Clipping will cut input geometries that cross the boundary of the clip geometry. For example, if a census tract crosses Oakland boundary it will be clipped to the boundary, cookie-cutter style. However, clipping does not alter the input attribute data. For example, if a census tract is clipped in half, it will still maintain the same value for all attributes, e.g., total population. 

  
`Areal Interpolation`, on the other hand, uses **area weighting** to reaggregate data from one geometry to another. Using the example above, if a census tract in Oakland were clipped in half, then areal interpolation would assign half the total population to it.

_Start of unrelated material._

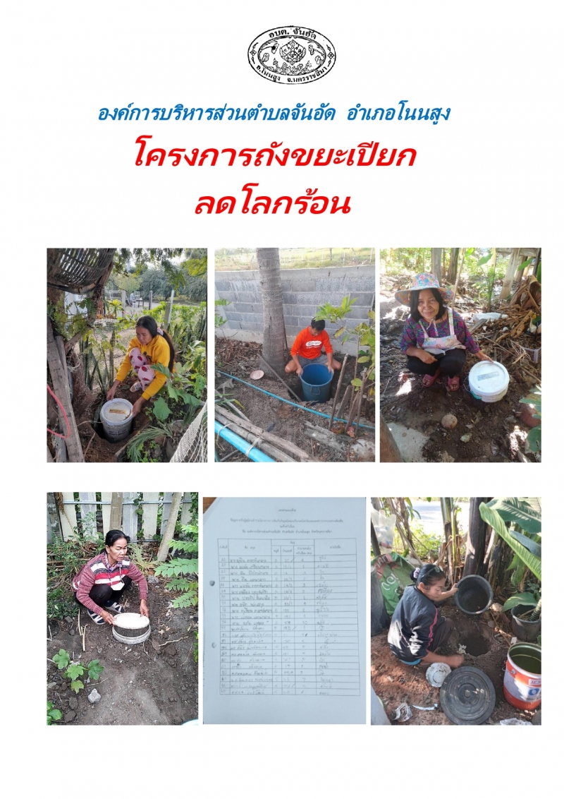 องค์การบริหารส่วนตำบลจันอัด ได้ดำเนินการติดตามการจัดทำถังขยะเปียก ลดโลกร้อน ในพื้นที่ตำบลจันอัดทั้ง 8 หมู่บ้าน

Great, now that you have a sense of these two methods, let's cover what our goal is in this notebook. We will **clip our census tract data to a city boundary and then interpolate the ACS5 values for those clipped tracts**.

### Set-Up
Let's import the packages we need before we get started.

In [1]:
import math
import numpy as np
import pandas as pd
 
import geopandas as gpd

# Ignore warning about missing/empty geometries
import warnings
warnings.filterwarnings('ignore', 'GeoSeries.notna', UserWarning)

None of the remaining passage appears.